The list of current Internet-Drafts can be accessed at
http://www.ietf.org/ietf/1id-abstracts.txt
The list of Internet-Draft Shadow Directories can be accessed at
http://www.ietf.org/shadow.html.
Abstract
This draft explains the problem when we use the UTF-8 character set
to represent the language text other than English. This draft also
describes the requirements to solve the problems, and proposes the
extended syntax to SIP protocol message syntax specification.
Conventions used in this document
The key words "MUST", "MUST NOT", "REQUIRED", "SHALL", "SHALL NOT",
"SHOULD", "SHOULD NOT", "RECOMMENDED", "MAY", and "OPTIONAL" in
this document are to be interpreted as described in RFC-2119 [2].
Table of Contents
1. Introduction..................................................2
2. Scope.........................................................2
3. Requirements..................................................3
3.1 Backward Compatibility....................................3
Fujimoto Expires - March 2003 [Page 1]
draft-fujimoto-sipping-header-lang-00 September 2002
3.2 Data Size.................................................3
3.3 Multiple Languages on one field value.....................3
3.4 Extensibility.............................................3
3.5 Country Information.......................................4
4. SIP Header I18N...............................................4
4.1 Language Tag..............................................4
4.2 SIP Header i18n Extension.................................4
5. Formal Syntax.................................................5
6. Examples......................................................5
6.1 Display Name..............................................5
6.2 Generic Header Value......................................5
7. Security Considerations.......................................5
8. References....................................................6
9. Author's Addresses............................................6
1. Introduction
SIP [3] allows users to use any UTF-8[4] characters in SIP message
header fields, e.g. display-name at From: field. However, there are
no standard ways to add the language information which give UAs
hints to choose appropriate font set for representation on the User
Interfaces. This problem comes from CJK(Chinese Japanese Korean)
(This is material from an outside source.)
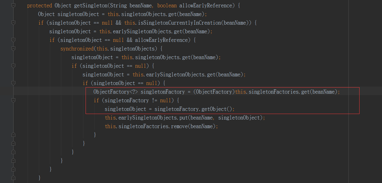 图中的singletonFactories就是三级缓存,一个初始化大小为16的HashMap,它的value是一个lambda表达式,执行表达式里的getObject()方法就会返回一个对象(一个不完整的对象)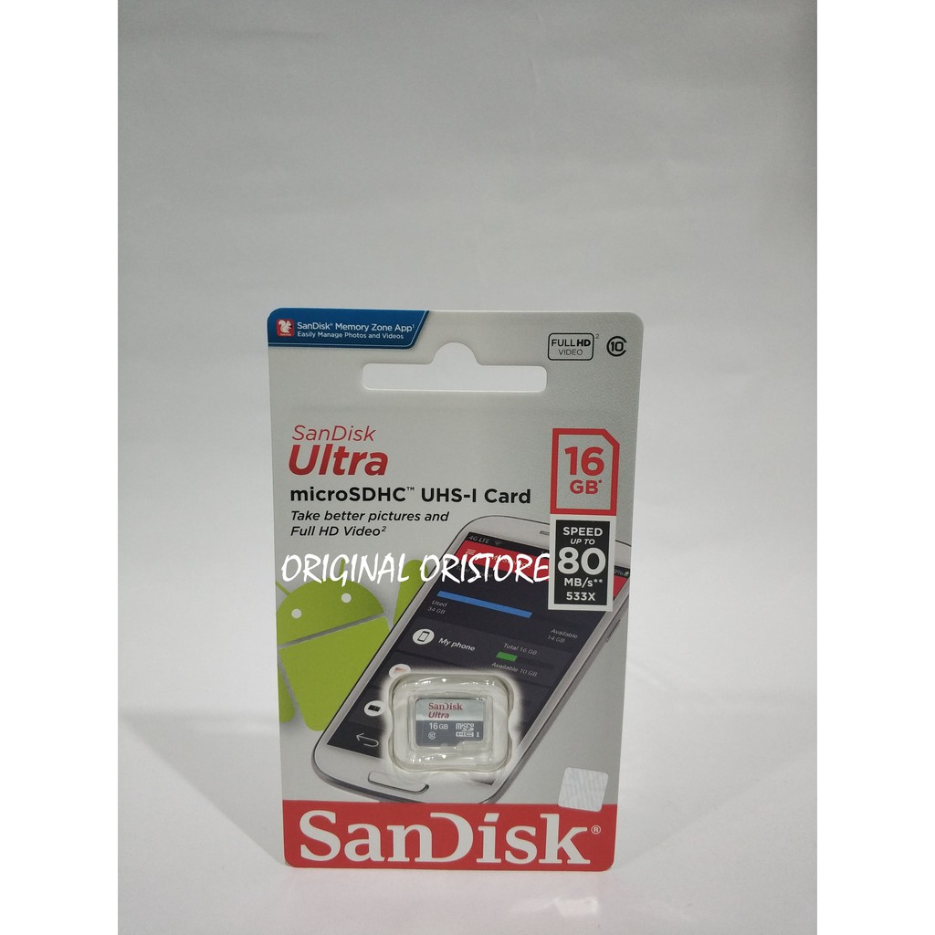 SanDisk Ultra Microsd UHS-1 16GB Up To 80MB/s class 10 - Micro sd 16GB 80mbps Tanpa Adapter

Kanji characters are used to express different letters in different
languages. Additionally, people who use alphabet letters pronounce
the same word differently in their languages. We believe adding
language information on UTF-8 text will solve these kind of
problems.
UTF-8 allows to represent any UCS-2/4 characters, including recent
proposed "language tag" which used to specifying the languages
information for following character strings. However, the deployed
SIP implementations may not have enough knowledge to handle them
correctly.
RFC2231[5] defines the standard way to add the language information
on MIME part 3[6]. However, this specification does not provide any
encording type to allow representing UTF-8 characters as is, since
mail delivery infrastructures are still "8-bit unsafe".
This internet draft describes the requirements for adding the
language information on SIP message header, and proposes a method
of adding the language information on UTF-8 header fields values.
2. Scope
General requirements for header filed value with non UTF-8
characters are out of scope of this draft.
Fujimoto Expires - March 2003 [Page 2]
draft-fujimoto-sipping-header-lang-00 September 2002
3. Requirements
3.1 Backward Compatibility
This requirement states:
The extensions for SIP header internationalization (i18n-ext) MUST
be fully conforming to the current SIP specifications.
Even on the implementation is not compliant with i18n-ext, these
headers MUST be recognized as valid SIP headers.
This means all SIP implementation can relay the SIP message with
SIP the i18n-ext headers.
3.2 Data Size
This requirement states:
The i18n-ext SHOULD NOT increase the size of header data
drastically.
If i18n-ext is archived by adding some information on original
header value, the result MUST work fine with line folding.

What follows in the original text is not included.